▶ [Work item]
Under this line sits a listing. Repeat exactly and only its lines from the one holding "Bal kézzeli gyakorlatok." through the one holding "Eine Schlittenpartie: Johanna"; skip pictures.

▶ [Dataset excerpts]
BEGIN

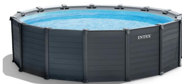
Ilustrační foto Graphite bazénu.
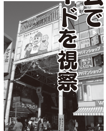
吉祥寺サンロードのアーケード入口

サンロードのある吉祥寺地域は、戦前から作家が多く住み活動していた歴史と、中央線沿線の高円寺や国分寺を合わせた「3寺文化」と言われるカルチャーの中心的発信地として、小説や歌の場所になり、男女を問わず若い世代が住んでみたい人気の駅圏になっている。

END
BEGIN

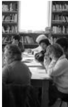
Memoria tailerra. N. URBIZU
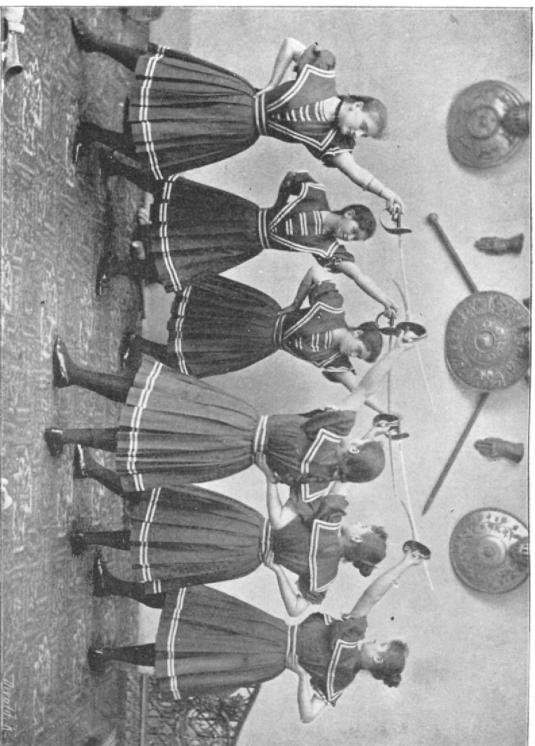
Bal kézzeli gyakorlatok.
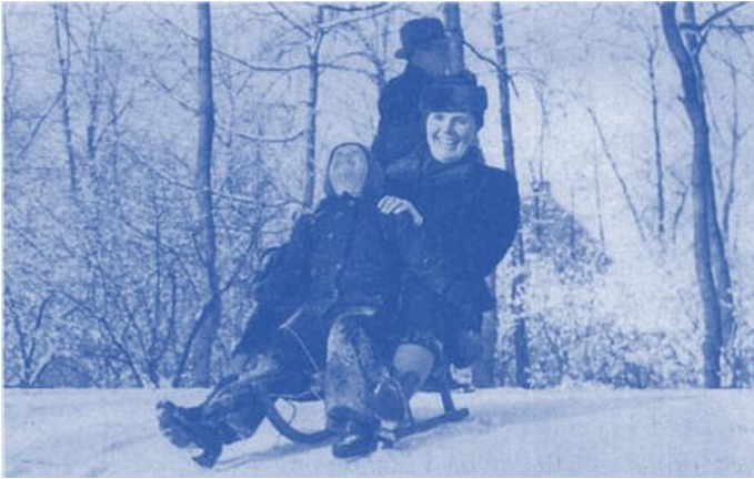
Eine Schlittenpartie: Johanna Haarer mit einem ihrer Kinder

END

▶ [The completed task]
Bal kézzeli gyakorlatok.
Eine Schlittenpartie: Johanna Haarer mit einem ihrer Kinder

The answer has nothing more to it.